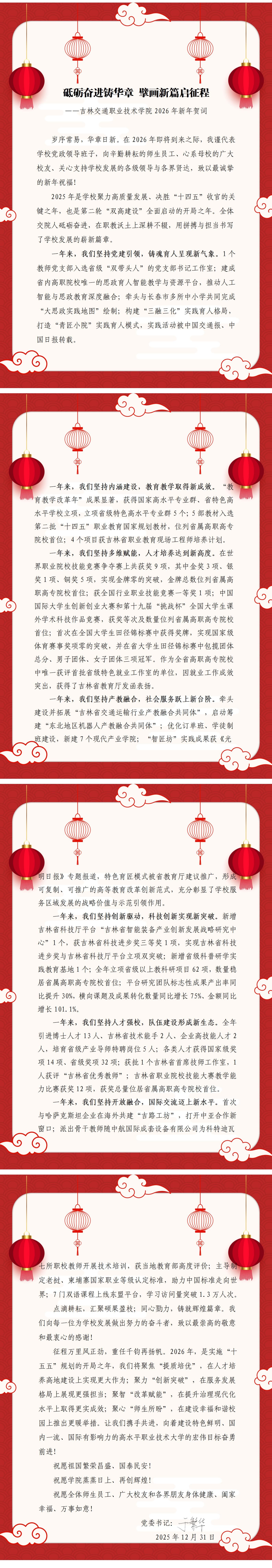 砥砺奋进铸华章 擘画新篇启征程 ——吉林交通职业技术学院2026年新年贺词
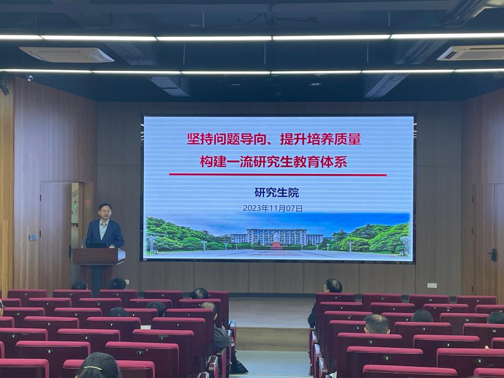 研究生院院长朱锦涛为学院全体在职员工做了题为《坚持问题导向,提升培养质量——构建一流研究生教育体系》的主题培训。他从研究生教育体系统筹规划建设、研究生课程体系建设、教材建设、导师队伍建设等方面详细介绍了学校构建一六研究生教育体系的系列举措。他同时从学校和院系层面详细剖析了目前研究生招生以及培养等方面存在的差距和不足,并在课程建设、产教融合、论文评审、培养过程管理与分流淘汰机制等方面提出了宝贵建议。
######
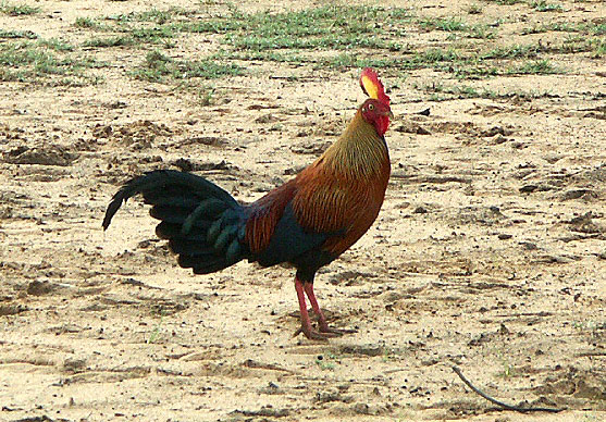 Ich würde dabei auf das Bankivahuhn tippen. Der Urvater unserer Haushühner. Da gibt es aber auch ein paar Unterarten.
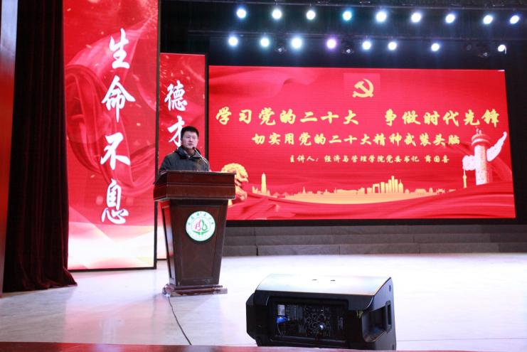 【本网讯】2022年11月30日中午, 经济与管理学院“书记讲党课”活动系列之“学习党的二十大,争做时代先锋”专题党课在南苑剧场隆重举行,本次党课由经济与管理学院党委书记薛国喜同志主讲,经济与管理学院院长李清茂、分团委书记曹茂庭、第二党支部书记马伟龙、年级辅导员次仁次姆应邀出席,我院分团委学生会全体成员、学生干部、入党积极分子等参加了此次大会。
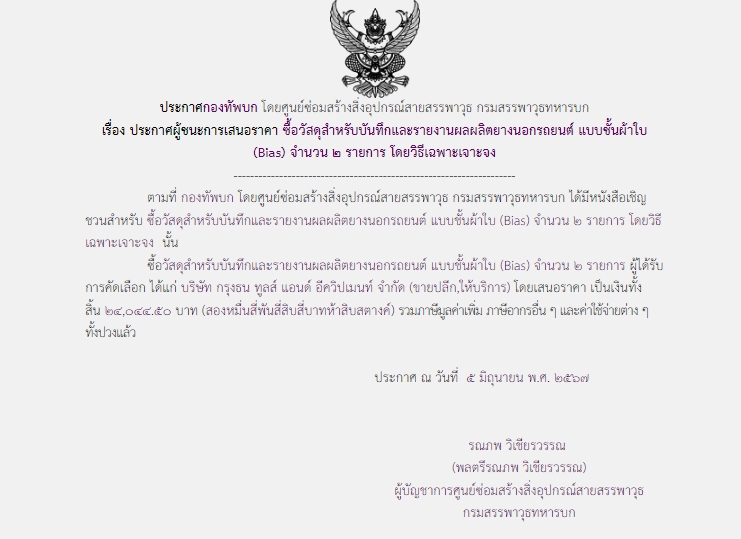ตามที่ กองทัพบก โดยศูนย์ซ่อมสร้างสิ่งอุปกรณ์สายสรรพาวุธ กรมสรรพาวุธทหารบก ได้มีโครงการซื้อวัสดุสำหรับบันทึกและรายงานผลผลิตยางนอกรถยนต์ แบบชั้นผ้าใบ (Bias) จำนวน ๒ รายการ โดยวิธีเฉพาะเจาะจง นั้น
######
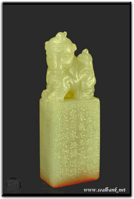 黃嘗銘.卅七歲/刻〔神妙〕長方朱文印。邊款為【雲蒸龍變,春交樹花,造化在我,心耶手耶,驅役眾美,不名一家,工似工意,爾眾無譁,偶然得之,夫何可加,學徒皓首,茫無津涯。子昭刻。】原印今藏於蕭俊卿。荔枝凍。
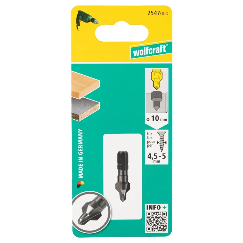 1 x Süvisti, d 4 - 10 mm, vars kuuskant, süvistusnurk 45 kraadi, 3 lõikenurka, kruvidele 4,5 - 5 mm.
######
INSTRUCTIONS FOR THE TASK>
Copy back exactly the lines above from the one containing "砥砺奋进铸华章 擘画新篇启征程 ——吉林交通职业技术学院2026年新年贺词" through the one containing "研究生院院长朱锦涛为学院全体", and leave every picture behind.

ANSWER BOX>
 砥砺奋进铸华章 擘画新篇启征程 ——吉林交通职业技术学院2026年新年贺词
 研究生院院长朱锦涛为学院全体在职员工做了题为《坚持问题导向,提升培养质量——构建一流研究生教育体系》的主题培训。他从研究生教育体系统筹规划建设、研究生课程体系建设、教材建设、导师队伍建设等方面详细介绍了学校构建一六研究生教育体系的系列举措。他同时从学校和院系层面详细剖析了目前研究生招生以及培养等方面存在的差距和不足,并在课程建设、产教融合、论文评审、培养过程管理与分流淘汰机制等方面提出了宝贵建议。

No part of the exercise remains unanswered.